### How to complete this task
Copy the entries below word for word, minus the pictures.

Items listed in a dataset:
---*---
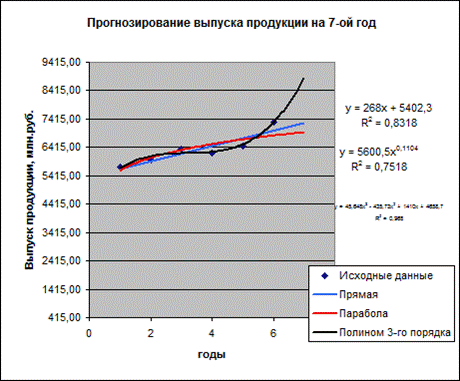Прогноз показателя выпуска продукции на 7-ой год методом экстраполяции
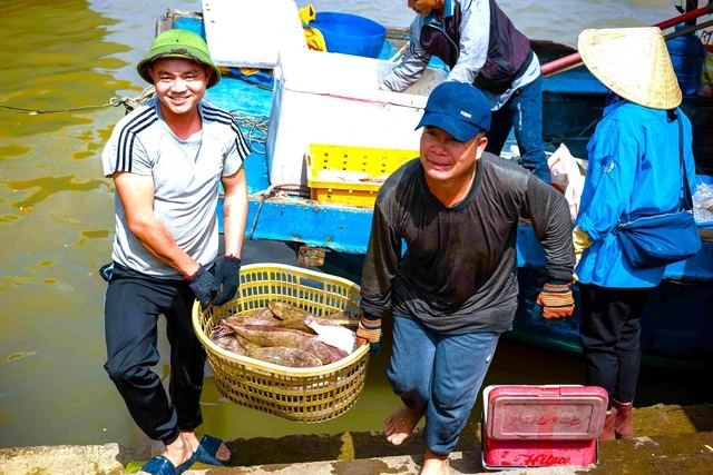 Ngư dân phấn khởi mang về đầy ắp cá, tôm sau chuyến đánh bắt gần bờ - Ảnh Hoàng Phúc
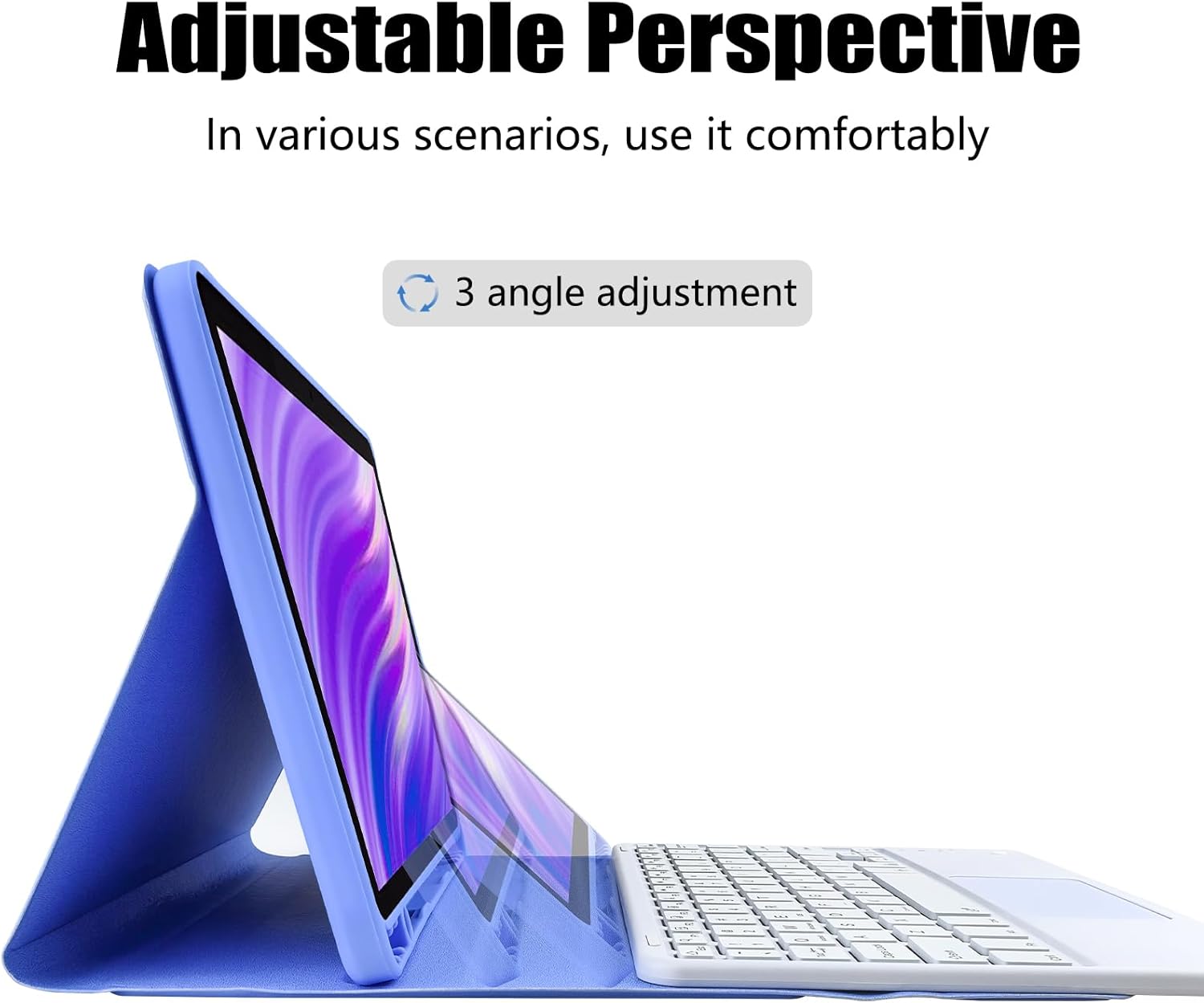 Multi-Angle Adjustment + Precision Cutting-The keyboard cover supports multi-angle adjustment, allowing you to use it comfortably in different environments. The cutting of the keyboard case is done by high-precision machines, allowing each hole to appear in position.
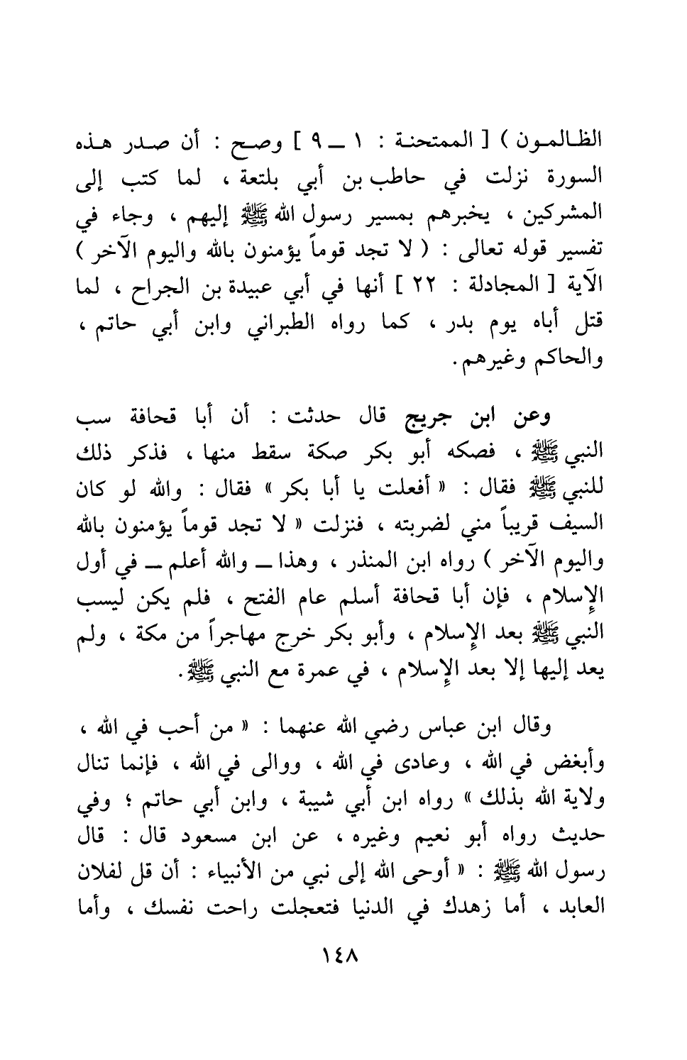 الظالمون} [سورة الممتحنة آية: 1] . وصح: أن صدر هذه السورة نزلت في حاطب بن أبي بلتعة، لما كتب إلى المشركين يخبرهم بمسير رسول الله صلى الله عليه وسلم إليهم، وجاء في تفسير قوله تعالى: {لا تَجِدُ قَوْماً يُؤْمِنُونَ بِاللَّهِ وَالْيَوْمِ الْآخِرِ} الآية [سورة المجادلة آية: 22] ، أنها "في أبي عبيدة بن الجراح، لما قتل أباه يوم بدر"، كما رواه الطبراني وابن أبي حاتم، والحاكم وغيرهم.
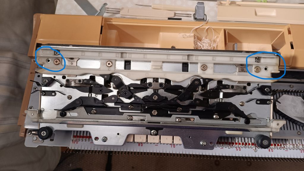 The machine did not come with its own carriage but I found another carriage for KH830. Therefore, you will see some color differences. Additionally, some people are asking me whether I forgot to include a couple of screws while assembling the carriage back (see below). No, I did not. It was designed this way. The tension dial cap is also a replacement; thus, a slight color mismatch is present there as well.
---*---
### Task response
Прогноз показателя выпуска продукции на 7-ой год методом экстраполяции
 Ngư dân phấn khởi mang về đầy ắp cá, tôm sau chuyến đánh bắt gần bờ - Ảnh Hoàng Phúc
 Multi-Angle Adjustment + Precision Cutting-The keyboard cover supports multi-angle adjustment, allowing you to use it comfortably in different environments. The cutting of the keyboard case is done by high-precision machines, allowing each hole to appear in position.
 الظالمون} [سورة الممتحنة آية: 1] . وصح: أن صدر هذه السورة نزلت في حاطب بن أبي بلتعة، لما كتب إلى المشركين يخبرهم بمسير رسول الله صلى الله عليه وسلم إليهم، وجاء في تفسير قوله تعالى: {لا تَجِدُ قَوْماً يُؤْمِنُونَ بِاللَّهِ وَالْيَوْمِ الْآخِرِ} الآية [سورة المجادلة آية: 22] ، أنها "في أبي عبيدة بن الجراح، لما قتل أباه يوم بدر"، كما رواه الطبراني وابن أبي حاتم، والحاكم وغيرهم.
 The machine did not come with its own carriage but I found another carriage for KH830. Therefore, you will see some color differences. Additionally, some people are asking me whether I forgot to include a couple of screws while assembling the carriage back (see below). No, I did not. It was designed this way. The tension dial cap is also a replacement; thus, a slight color mismatch is present there as well.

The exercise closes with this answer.